*** Opening The data ***
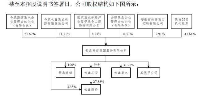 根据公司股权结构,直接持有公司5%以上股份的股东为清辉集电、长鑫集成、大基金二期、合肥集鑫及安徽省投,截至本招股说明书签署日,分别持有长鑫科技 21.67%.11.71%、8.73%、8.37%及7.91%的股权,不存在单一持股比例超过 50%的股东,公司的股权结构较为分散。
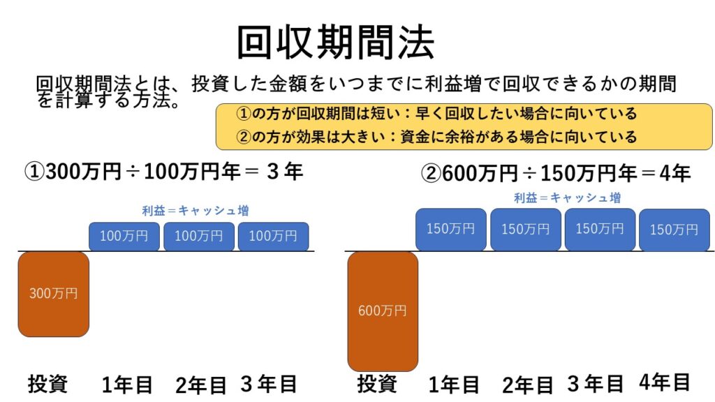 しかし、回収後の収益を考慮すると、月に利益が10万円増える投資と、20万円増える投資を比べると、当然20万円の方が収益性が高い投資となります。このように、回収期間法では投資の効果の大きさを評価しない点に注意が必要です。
*** Closing The data ***
*** Opening The data ***
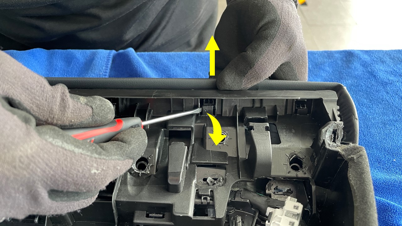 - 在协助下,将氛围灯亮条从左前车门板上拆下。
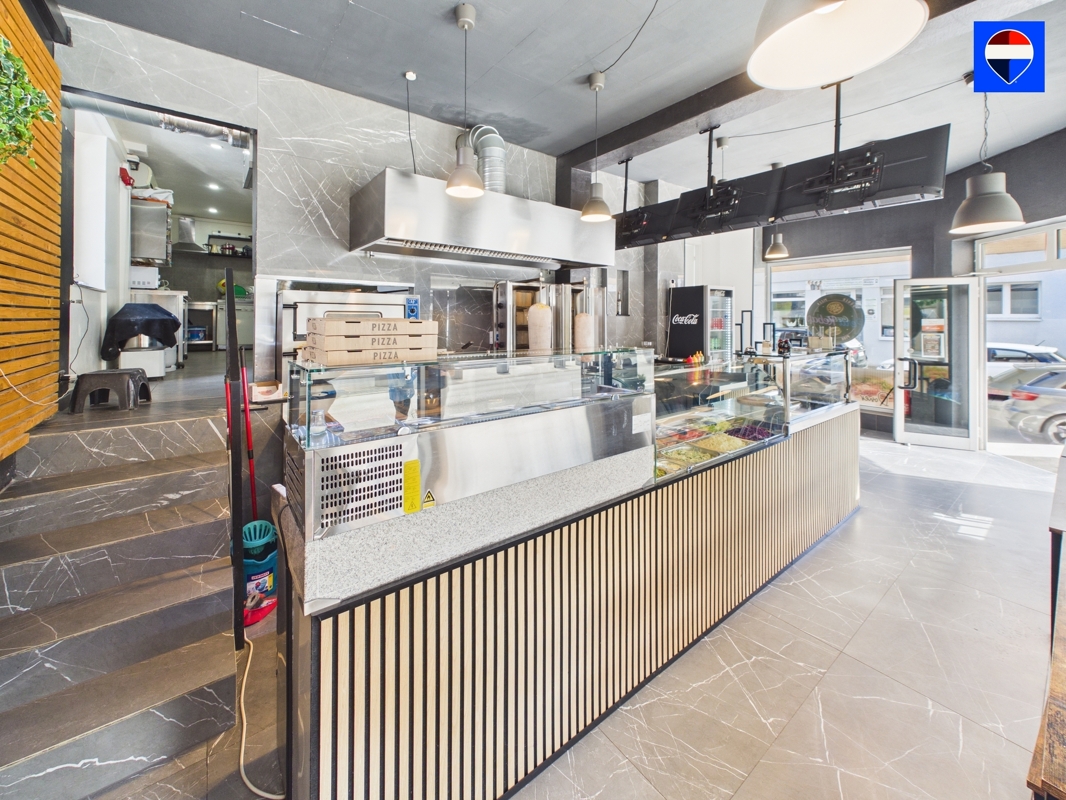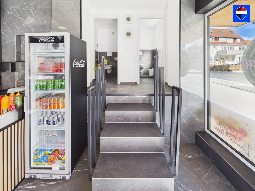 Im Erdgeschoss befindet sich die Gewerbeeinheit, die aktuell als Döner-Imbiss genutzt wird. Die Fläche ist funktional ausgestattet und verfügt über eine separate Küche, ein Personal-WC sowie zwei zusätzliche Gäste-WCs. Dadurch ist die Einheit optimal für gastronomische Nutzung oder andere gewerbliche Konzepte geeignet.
*** Closing The data ***
*** Opening The data ***
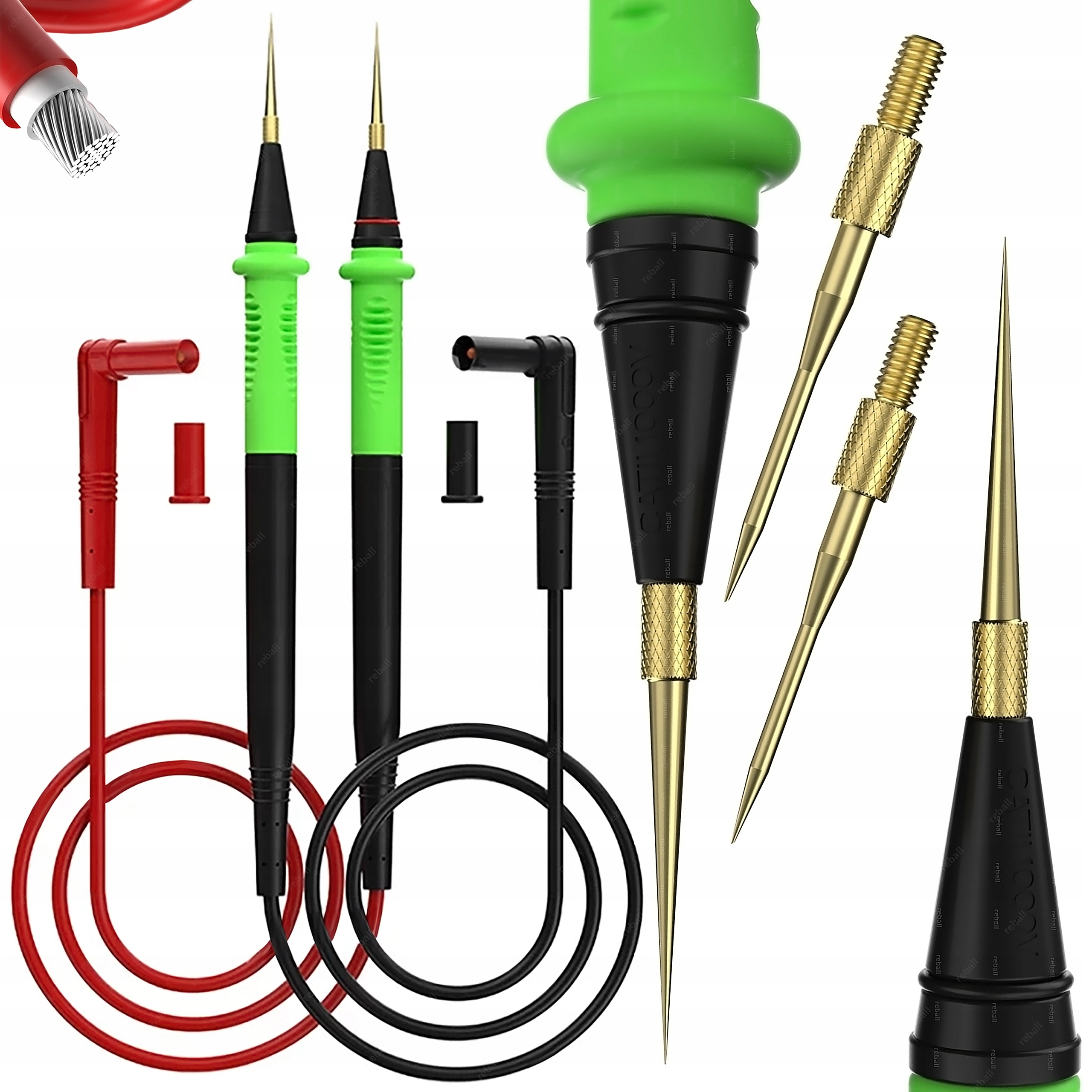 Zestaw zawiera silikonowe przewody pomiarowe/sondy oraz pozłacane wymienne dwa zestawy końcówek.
*** Closing The data ***
__Work to be completed__.
Repeat, word for word, the lines of the material above from the one holding "- 在协助下,将氛围灯亮条从左前车门板上拆下。" through the one holding "Im Erdgeschoss befindet". Leave out pictures.

__Exercise response__.
 - 在协助下,将氛围灯亮条从左前车门板上拆下。
 Im Erdgeschoss befindet sich die Gewerbeeinheit, die aktuell als Döner-Imbiss genutzt wird. Die Fläche ist funktional ausgestattet und verfügt über eine separate Küche, ein Personal-WC sowie zwei zusätzliche Gäste-WCs. Dadurch ist die Einheit optimal für gastronomische Nutzung oder andere gewerbliche Konzepte geeignet.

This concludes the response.